After all, the new University of Colorado Art Museum will be a cultural jewel in the heart of campus when it opens as part of the Visual Arts Complex in early 2010. And the University of Colorado Museum of Natural History is one of the top university natural science museums in the country with more than 4 million objects in its collections. They are among three museums and six art galleries residing on our campus.

Campus museums and universities share a dual mission: that of research, and public outreach and education. These dual roles complement each other and strengthen both the museums and the university.

For example, as part of a national comprehensive research university, the CU Museum of Natural History has a strong research focus. The museum recently received a multi-year grant from the National Science Foundation to study the Gordon Alexander Grasshopper Collection, a collection of grasshoppers that CU entomologist Gordon Alexander collected more than 50 years ago in this region.

Now curators, staff and students are recollecting in the same areas to see the effects of climate change over the last five decades on the diversity and abundance of grasshoppers.

The other part of the dual mission is public outreach and education. One of the museum’s outreach programs is a seven-week program for underserved girls in the fourth and fifth grades called Girls at the Museum Exploring Science − or “GAMES.”

Studies have shown that young girls start to lose interest in science as they begin middle school. The “GAMES” programs instill a love of science and exploration that will hopefully inspire them to pursue careers in science or at least to pique an interest that will last a lifetime.

CU’s museums also play a critical role in educating our broader society. They plant a seed of inspiration in young people to pursue a particular field of science, a discipline or a career, which in turn motivates them to pursue a college education.

Our museums are a popular destination for student field trips. In 2007 the CU Museum of Natural History gave 221 guided tours and hosted 12,400 pre-K-12 students accounting for about a third of its visitors. CU-Boulder reached another 10,000 people throughout the state and region in 2007 through traveling exhibits developed by the museum.

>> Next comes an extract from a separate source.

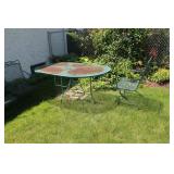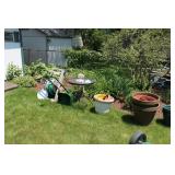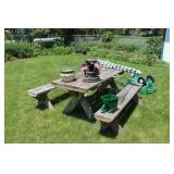 Concrete bench Wrought iron patio set w/ 6 chairs Picnic table Lawn and garden Toro snowblower

Youngsters exposed to cultural activities at an impressionable age are more likely to take an interest and do well in school, which of course will better prepare them for higher education. It follows that children exposed to cultural activities early in their lives obtain a lifelong thirst for learning, which is the backbone of any thriving society.

The new CU Art Museum now rising from the ground next to ATLAS will feature 8,500 square feet of gallery space including two permanent collections, a changing exhibition gallery, a gallery for thesis exhibitions and a video gallery. With its enhanced climate control, the museum will now qualify to show visiting exhibitions. Located adjacent to the University Memorial Center, it will be a natural gathering place for students. In fact, students provided half the funding for the complex from the capital construction fee they approved – the fourth major building they helped to finance.

Indeed the new museum will be a cultural crossroads for artistic and intellectual pursuits, reflecting our commitment to redefining liberal arts education. It will enrich the student experience, encourage art history research and serve the citizens of Colorado by increasing access to more than 5,000 works from all over the world and spanning many periods.

I would be remiss not to mention the CU Heritage Center on the third floor of Old Main, which increases public awareness and understanding of the human history behind the university, as well as a half dozen galleries on campus offering changing exhibits and shows sponsored by student organizations.

Our museums are among the most visual embodiments of CU-Boulder’s vision for the future, Flagship 2030, providing educational outreach, lifelong learning and the tools for success for our students. They are accessible and affordable to our communities and their value cannot be overestimated. I hope you will take the opportunity to visit these marvelous contributions to our university.